[Stored items]
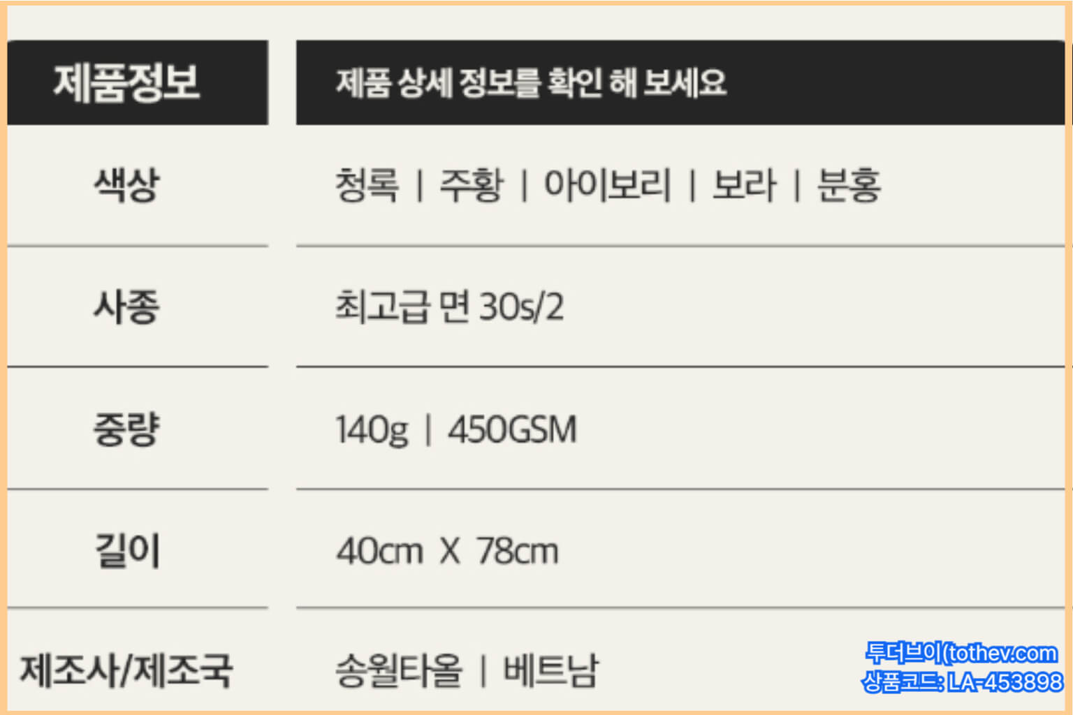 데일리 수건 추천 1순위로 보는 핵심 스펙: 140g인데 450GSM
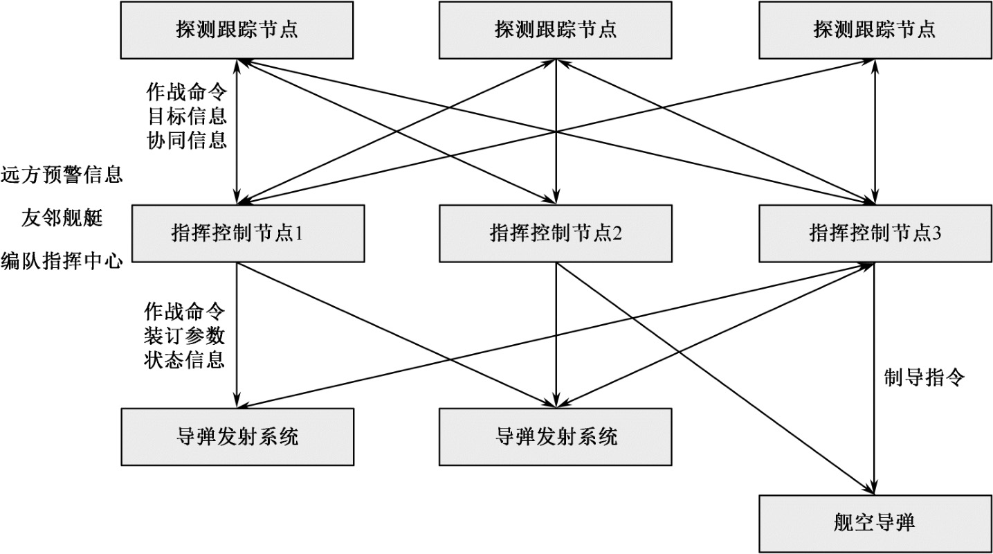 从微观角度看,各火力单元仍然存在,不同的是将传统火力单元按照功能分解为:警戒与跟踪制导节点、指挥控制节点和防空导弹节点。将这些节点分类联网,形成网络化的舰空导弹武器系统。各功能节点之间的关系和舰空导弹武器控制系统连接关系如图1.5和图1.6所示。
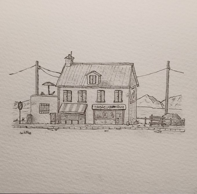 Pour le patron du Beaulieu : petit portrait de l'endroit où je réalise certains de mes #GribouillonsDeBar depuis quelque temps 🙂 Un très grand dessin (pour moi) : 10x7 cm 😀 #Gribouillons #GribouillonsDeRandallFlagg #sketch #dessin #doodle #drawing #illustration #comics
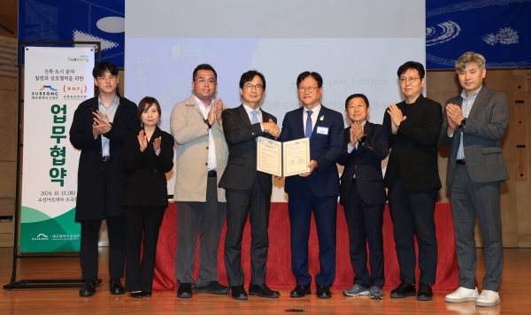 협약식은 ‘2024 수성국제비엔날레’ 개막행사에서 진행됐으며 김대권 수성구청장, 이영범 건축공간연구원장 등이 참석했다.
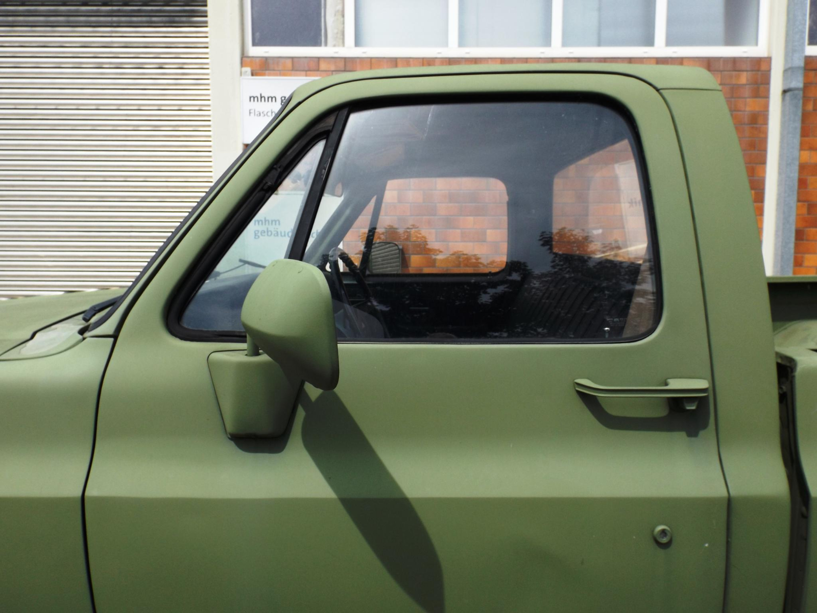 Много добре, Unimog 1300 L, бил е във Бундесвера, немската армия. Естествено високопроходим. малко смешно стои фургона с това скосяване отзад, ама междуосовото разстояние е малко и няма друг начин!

Work to complete: Retype every entry exactly, but keep the pictures out of your copy.

Worked solution:
 데일리 수건 추천 1순위로 보는 핵심 스펙: 140g인데 450GSM
 从微观角度看,各火力单元仍然存在,不同的是将传统火力单元按照功能分解为:警戒与跟踪制导节点、指挥控制节点和防空导弹节点。将这些节点分类联网,形成网络化的舰空导弹武器系统。各功能节点之间的关系和舰空导弹武器控制系统连接关系如图1.5和图1.6所示。
 Pour le patron du Beaulieu : petit portrait de l'endroit où je réalise certains de mes #GribouillonsDeBar depuis quelque temps 🙂 Un très grand dessin (pour moi) : 10x7 cm 😀 #Gribouillons #GribouillonsDeRandallFlagg #sketch #dessin #doodle #drawing #illustration #comics
 협약식은 ‘2024 수성국제비엔날레’ 개막행사에서 진행됐으며 김대권 수성구청장, 이영범 건축공간연구원장 등이 참석했다.
 Много добре, Unimog 1300 L, бил е във Бундесвера, немската армия. Естествено високопроходим. малко смешно стои фургона с това скосяване отзад, ама междуосовото разстояние е малко и няма друг начин!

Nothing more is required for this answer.